- **Work task**
The copy you give must match the lines from the top of the data through the line containing "Yet, with some" exactly, and it must hold no pictures.

- **Task data**
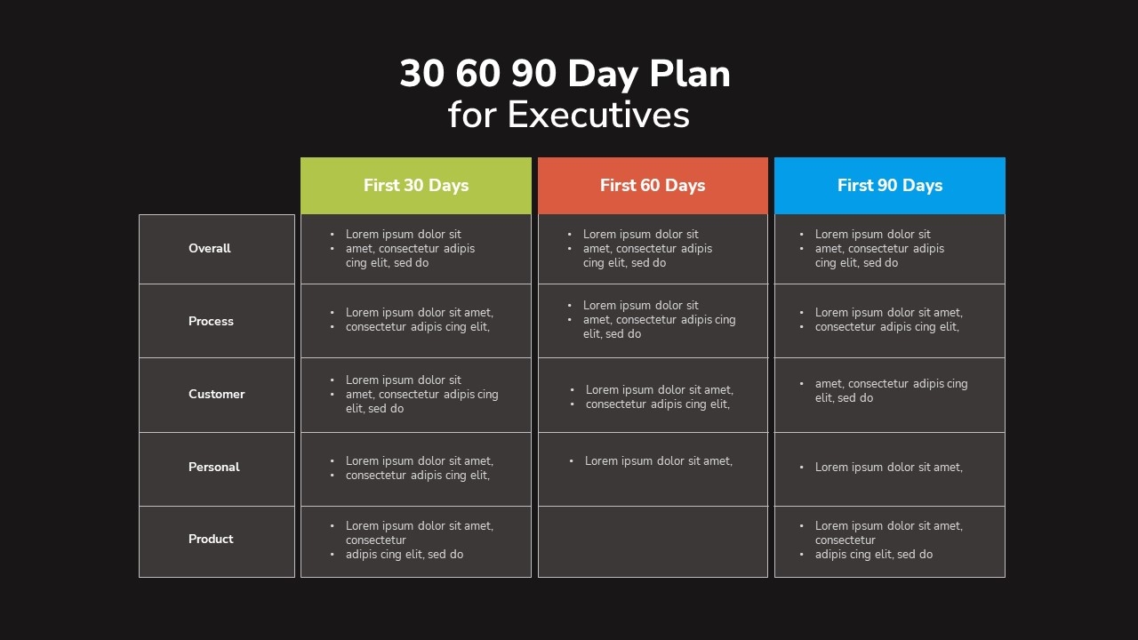 A typical 30/60/90 day plan template is divided into three sections, with specific goals and actions for each time frame. In the first 30 days, you may focus on getting to know your team, understanding your role, and setting short-term goals. The next 30 days are about building on your initial successes, developing relationships, and working towards mid-term objectives. Finally, the last 30 days are dedicated to achieving long-term goals, contributing to strategic initiatives, and preparing for the future.
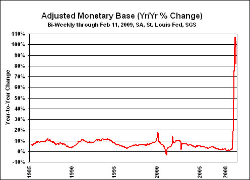 Yet, with some early suggestion of a possible renewed stall in the growth of the broader money measures, the systemic solvency crisis may be intensifying again, frustrating Fed efforts to get more cash into the system. Ahead lies an opportunity for the Fed, with heavy Treasury fundings needed to cover the stimulus package and an otherwise recession-driven deterioration in the federal government’s fiscal condition. With likely light foreign and domestic demand for the Treasury securities, Federal Reserve monetization of that debt would be a reasonably easy option for Mr. Bernanke to help reignite inflationary pressures. The Fed mentioned the possibility of such purchases in its most recent FOMC statement.
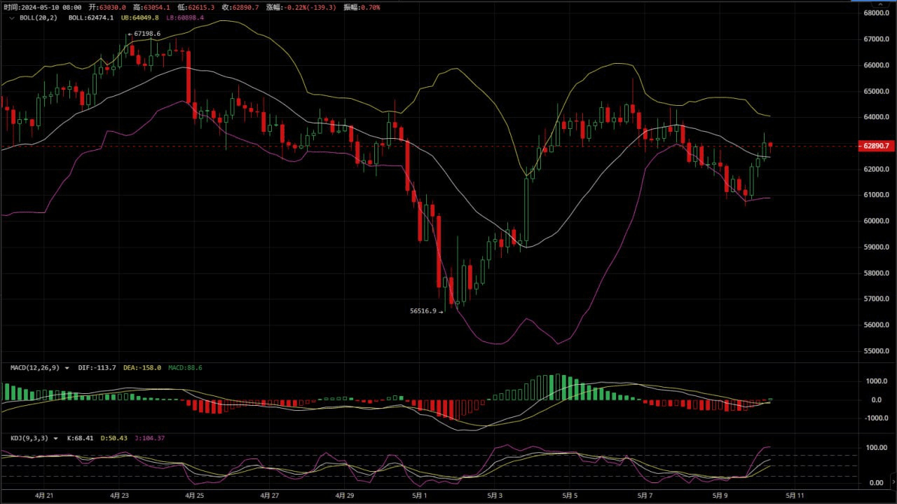 La linea giornaliera di Bitcoin ha appena toccato la posizione di pressione, e la linea giornaliera ha chiuso la linea positiva per formare una conversione lungo-corto, formando un fagocitamento rialzista. Tuttavia, il prezzo è ancora in una tendenza ribassista. La parte superiore della linea giornaliera è soppressa e focalizzata intorno a 63500. I rialzisti sono lenti ad aumentare la loro energia e sono deboli, continuano a prestare attenzione alla pressione al rialzo sulla linea giornaliera . Nelle quattro ore a breve termine, il prezzo ha completato una svolta ed è entrato nel canale ascendente 62200-62500 formando un intervallo di supporto ascendente a breve termine Sebbene l'energia lunga e corta sull'indicatore del grafico allegato abbia una tendenza di inversione, il KDJ è il terzo la linea è troppo sensibile per operare in grandi volumi, indicando che la posizione rialzista di quattro ore Il potere non è molto forte e seguito. Le tre linee della capsula superiore si aprono in un'ora e la maggior parte delle persone effettuerà ordini long sulla linea 61800. Penso che sia già un livello di pressione se il prezzo è sotto pressione e scende, ciò dimostra che il supporto sottostante potrebbe non sarà efficace. I rialzisti dovranno prendere fiato se vogliono esercitare la loro forza superando 63500, altrimenti il prezzo cadrà comunque per lo shock. Sulla base dei suggerimenti di cui sopra, le vendite allo scoperto saranno l’obiettivo principale del successivo rimbalzo di Bitcoin.
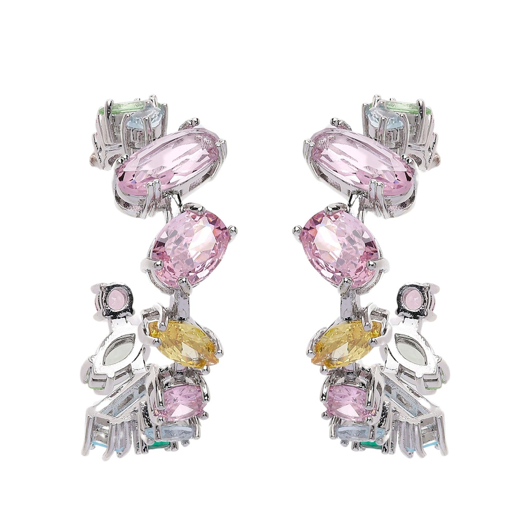 Ces boucles d'oreilles créoles fantaisistes présentent un assortiment ludique de pierres aux teintes pastel, serties sur une monture métallique texturée. Leurs formes irrégulières et leurs couleurs variées créent un style bohème charmant. Dimensions : 1,3 cm x 3,6 cm | Placage : Rhodium | Fermoir : Tige et fermoir
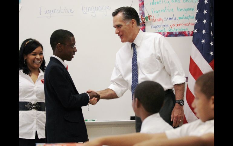 Internacional | Participó en una mesa redonda con estudiantes y líderes cívicos Visita Romney escuela de Filadelfia para promover su política educativa Bajo la organización de la escuela Bluford de Filadelfia, el posible candidato republicano participó en una mesa redonda con estudiantes y líderes cívicos Por: EFE 24 de mayo de 2012 - 16:32 hs Mitt Romney, aspirante a la candidatura republicana a la presidencia, en la escuela Bluford, en Filadelfia. AFP / WASHINGTON, ESTADOS UNIDOS (24/MAY/2012).- El probable candidato presidencial republicano en Estados Unidos, Mitt Romney, se dedicó hoy a promover su política educativa durante una visita a una escuela de Filadelfia, donde fue recibido con protestas de partidarios del mandatario Barack Obama. Romney participó en una mesa redonda con estudiantes y líderes cívicos, muchos de ellos afroamericanos, organizada en la escuela Bluford de Filadelfia. "He venido a aprender, obviamente, de personas con experiencias únicas e instructivas", dijo Romney, quien también reconoció la brecha entre las oportunidades educativas que tienen los blancos y el resto de los ciudadanos en Estados Unidos. Estar en el seno de un hogar en el que hay "un papá y una mamá juntos" tiene "un gran impacto" en la educación de los niños, sostuvo Romney, defensor de la familia tradicional. Docenas de vecinos de la zona se concentraron frente a la escuela para protestar por la visita de Romney y expresar su apoyo a Obama, candidato a la reelección en noviembre, según el diario The Washington Post. El exgobernador de Massachusetts ha dedicado esta semana a divulgar su estrategia educativa y ayer en Washington prometió cambiar la educación "tercermundista" que afecta en especial a las minorías en Estados Unidos. Romney alertó de que Estados Unidos vive una "emergencia de educación nacional", en la que el sistema educativo no prepara a los estudiantes para el mercado laboral, y prometió una "audaz política de cambio". La campaña de Romney también lanzó hoy un nuevo anuncio de televisión titulado "Día 1" en el que detalla las acciones que llevará a cabo el primer día que se instale en la Casa Blanca si gana las elecciones: reducir el déficit, hacer frente a la competencia comercial de China y eliminar regulaciones que "matan" al mercado laboral. Mientras, Obama partió hoy de California, donde participó en las últimas horas en varios actos de campaña, hacia Iowa para visitar una zona obrera en Newton y dar un mitin en Des Moines, la capital estatal. El presidente centrará su mitin en recordar al Congreso la importancia de aprobar, entre otras, una ley que beneficia a las empresas de energías limpias con subvenciones impositivas e incentivos a la inversión. Las últimas encuestas muestran un empate en intención de voto entre Obama y Romney para las elecciones presidenciales de noviembre. Obama tiene una leve ventaja sobre Romney en los estados de Florida, Ohio y Virginia, que pueden ser decisivos en noviembre, según un sondeo de la cadena NBC dado a conocer hoy. Temas Norte América Elecciones EU Estados Unidos Republicanos Lee También Chivas y América calientan en redes el Clásico Nacional de la Fecha FIFA ALERTA en Jalisco por formación de ciclón "Raymond" Esta es la última guerra que Trump resolvió, según él mismo Las guerras que Trump dice haber resuelto y por las que merece el Nobel Recibe las últimas noticias en tu e-mail Todo lo que necesitas saber para comenzar tu día Registrarse implica aceptar los Términos y Condiciones

- **Solution to this task**
 A typical 30/60/90 day plan template is divided into three sections, with specific goals and actions for each time frame. In the first 30 days, you may focus on getting to know your team, understanding your role, and setting short-term goals. The next 30 days are about building on your initial successes, developing relationships, and working towards mid-term objectives. Finally, the last 30 days are dedicated to achieving long-term goals, contributing to strategic initiatives, and preparing for the future.
 Yet, with some early suggestion of a possible renewed stall in the growth of the broader money measures, the systemic solvency crisis may be intensifying again, frustrating Fed efforts to get more cash into the system. Ahead lies an opportunity for the Fed, with heavy Treasury fundings needed to cover the stimulus package and an otherwise recession-driven deterioration in the federal government’s fiscal condition. With likely light foreign and domestic demand for the Treasury securities, Federal Reserve monetization of that debt would be a reasonably easy option for Mr. Bernanke to help reignite inflationary pressures. The Fed mentioned the possibility of such purchases in its most recent FOMC statement.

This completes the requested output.